Defensive model capture from API response. Currently the stamped model name comes from the cft config. If Perplexity silently substitutes a different model (e.g., on rate-limit fallback), we won't reflect that. Capturing the model name from the SSE response and stamping that instead would close the loop.
Citation/backlink preservation post-filter. The image-placeholder strip and [IMAGE N: …] replacement run on the streamed string before any cite-wide processing. If a user runs cite-wide convert-all afterward, citations move through cleanly — but we don't have a pre-flight check for that ordering.
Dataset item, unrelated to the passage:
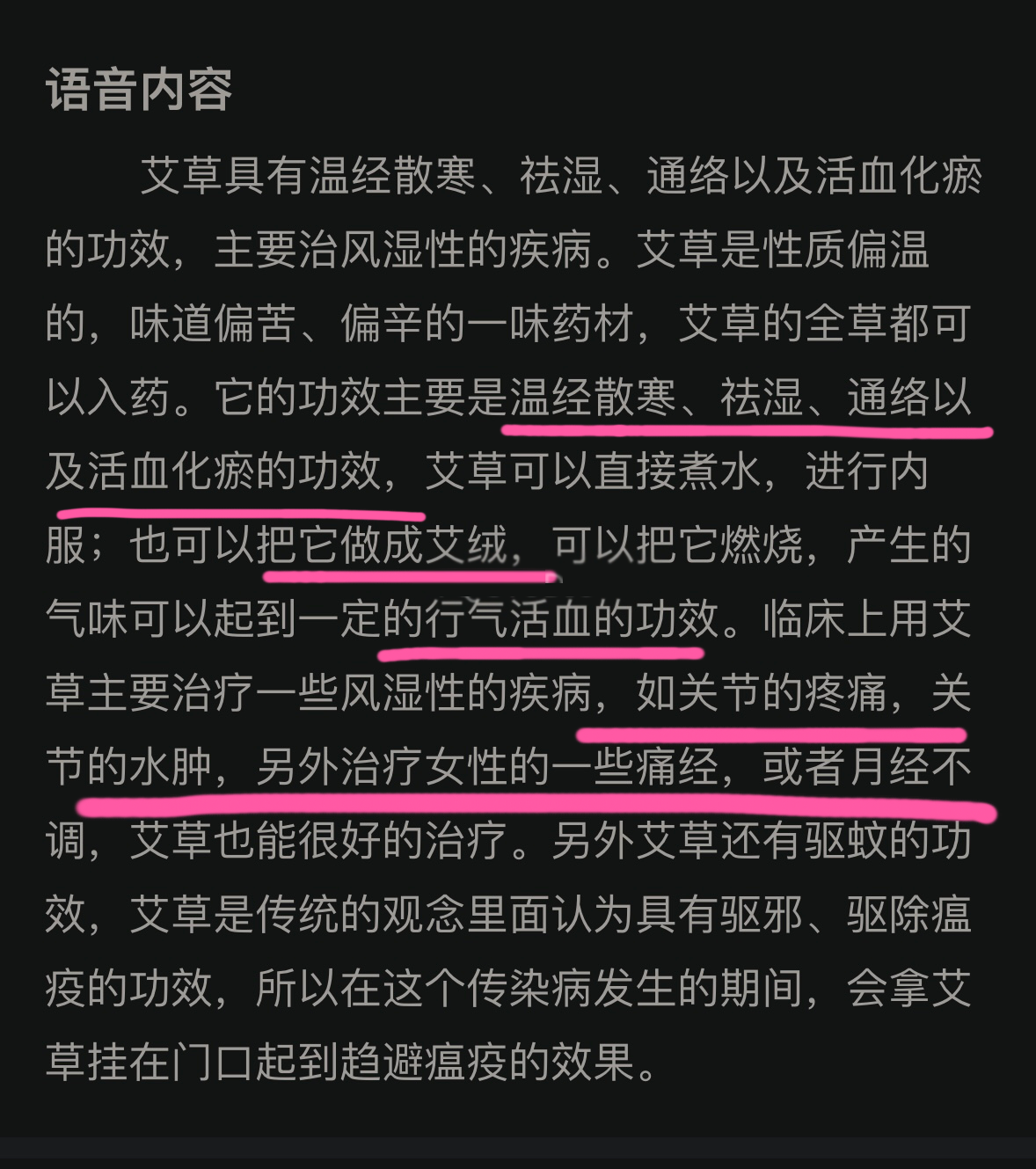 明李时珍《本草纲目》有记录:艾以叶入药,性温、味苦、无毒、纯阳之性、通十二经、具回阳、理气血、逐湿寒、止血安胎等功效,亦常用于针灸。故又被称为“医草”

Worth a smoke-test pass next time we touch the pipeline.

Files Touched

TEXT

perplexed/
├── main.ts                                                  (commands + settings UI for directory templates; seeder hook in onload; Re-seed templates button)
├── esbuild.config.mjs                                       (added `.md` text loader so markdown files are inlined into main.js)
├── src/
│   ├── docs/templates/
│   │   ├── README.md                                        (new — end-user docs for the directory-template system)
│   │   ├── concept-profile.md                               (new — anti-incumbent editorial stance, sonar-pro)
│   │   ├── vocabulary-profile.md                            (new — innovation-consulting lens, sonar-pro)
│   │   ├── source-profile.md                                (new — type-aware, Google Books rule, sonar-pro)
│   │   └── toolkit-profile.md                               (new — Tooling/** profiles)
│   ├── services/
│   │   ├── directoryTemplateService.ts                      (new — template loader, payload builder, SSE streamer, post-stream cleanup pipeline, frontmatter stamps, Google Books URL harvest)
│   │   ├── findImagesService.ts                             (new — selection-anchored image search with on-domain restriction)
│   │   └── templateSeederService.ts                         (new — first-run + re-seed logic, two-tier policy: README always, templates only when fresh)
│   ├── modals/
│   │   ├── DirectoryTemplatePickerModal.ts                  (new — fuzzy template picker)
│   │   ├── FolderPickerModal.ts                             (new — folder picker for batch runs)
│   │   └── BatchConfirmModal.ts                             (new — pre-batch confirmation with file count)
│   └── types/
│       └── markdown.d.ts                                    (new — TS shim for `*.md` raw imports)
└── changelog/
    └── 2026-05-10_01.md                                     (this file)

Reference

Predecessor changelog: changelog/2026-05-02_01.md — dependency refresh + streaming-citations bug fix; this paradigm builds on the streaming primitive that was hardened there.
Cross-cutting docs in content-farm:
- context-v/specs/Per-Directory-Profile-Templates.md — v0.1 spike spec.
- context-v/explorations/Moving-Beyond-Simple-API-Calls.md — full architecture exploration with locked decisions.
- context-v/issues/Nudgeing-AI-Search-to-Return-Contextually-Appriate-Images.md — image acquisition issues and tiered mitigations.
- context-v/plans/Auto-Hyperlink-Feature-Names-In-Tables.md — deferred feature plan.
cite-wide compatibility: cite-wide/src/services/llmCitationParserService.ts:91 REFDEF_NUM_RE — [N]: [Title](URL) form is what Convert All Citations to Hex Format accepts. Sources footer aligned to this.
Project memories saved this session:
- feedback_anti_incumbent_bias.md — for concept/practice templates, treat tech giants as adopters/popularizers; cap big tech in Examples.
- feedback_prompts_no_lazy_outs.md — never tell a model it can describe failure modes or disclose "limited info."